T. Arwyn Watkins was born 20 June 1924 in Llansamlet, a village on the outskirts of Swansea which was at that time largely Welsh-speaking, one of the two sons of David John Watkins, mine worker, and his wife Sarah Elizabeth. He was educated at Bishop Gore grammar school in Swansea, 1935-1941, and then at Swanseaa University College where he read English, French and Welsh. He took his degree in 1943 before being drafted into the army. He returned to college in 1947 to take a diploma in education but in 1948 he was invited by Henry Lewis, the professor of Welsh, to study for an honours degree in Welsh and he gained his first-class degree the following year. As a research topic for his M.A. degree he chose to study the Welsh dialect of his native area and his dissertation laid the foundations of his deep interest in language throughout his life. He won a University of Wales Fellowship and he continued his studies at the universities of Leeds, Zurich (with Julius Pokorny) and Rennes (with FranÇois Falc'hun). In 1952 he was appointed lecturer in the expanding department of Welsh at the University College of Wales, Aberystwyth where he was responsible for introducing new and innovative degree courses in linguistics, historical linguistics and dialectology. From these courses stemmed his pioneering influential, and still valuable, comprehensive introduction to Welsh linguistics, Ieithyddiaeth, agweddau ar astudio iaith (1961). The study of language, and especially dialect studies, were transformed in Welsh colleges and schools through his undergraduate lectures and the groups of researchers that he nurtured. He was promoted to a senior lectureship and readership; he served as acting head of the Welsh department, 1969-70, and Dean of faculty, 1976-78. He spent a term as visiting professor at the Dublin Institute for Advanced Studies in 1971, as visiting professor of Welsh in University College Dublin, in 1980 and in 1981 he was elected to the chair of Welsh at University College Dublin where he remained until his retirement in 1989 and his return to Swansea. He was elected a Member of the Royal Irish Academy (MRIA) and also appointed an honorary Professor in the Welsh department at University College Swansea.
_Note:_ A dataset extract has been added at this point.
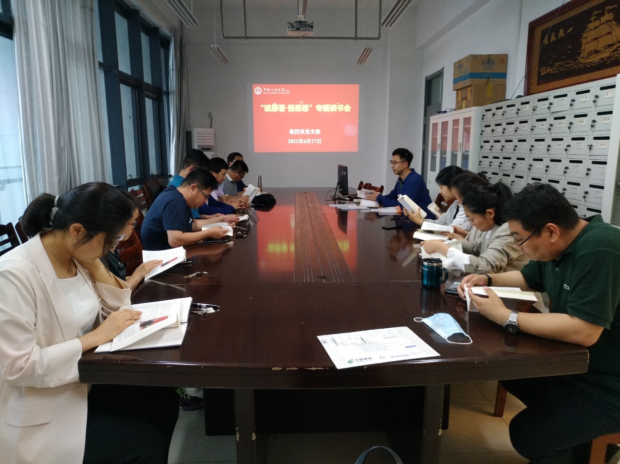 617日下午在工科楼E411,装控系党支部开展本学期第十期的党史学习教育,活动由支部书记左海强主持。首先开展了“读原著·悟思想”专题读书会活动,党员依次接力朗读党史学习教育指定教材《中国共产党简史》第十章:中国特色社会主义进入新时代。通过阅读党员同志们回顾了党的十八大、十九大以来在习近平新时代中国特色社会主义思想指引下,全党全国各族人民全面建成小康社会,开启全面建设社会主义现代化国家新征程。

Watkins's main interests were in phonology, dialectology, syntax and the historical orthography of Welsh, a field where he published a series of important articles which challenged and revised many long established ideas. He later turned to syntactical issues, e.g. constituent order in the Welsh sentence, and language interference in bilingual situations. Watkins was one of a rare breed of linguistics scholars who was equally at home in studies of Old and Middle Welsh and of modern linguistics. He was a gifted teacher able to elucidate language complexities, orally and in writing, to a variety of audiences. He succeeded in sharing with his students his own enthusiasm for his subject with the result that his views and ideas were given wide circulation by his students and especially his researchers. He was very aware of the standards of contemporary Welsh and of the effects both of bilingualism and of social and political factors on language change and attitudes, areas which he examined not only in his own community but also, as an examiner, in the schools. His linguistic training and his honesty of mind would not allow him to ignore what he observed and some of his comments on the future of the language and on language policies were at times controversial. Arwyn Watkins had a warm and open personality and this did much to temper the reception of some of his strong political and social views.
Arwyn Watkins married Awel Gwalia Davies in 1955 and they had two sons and a daughter. He died in Swansea 4 August 2003 and was cremated in Margam Crematorium.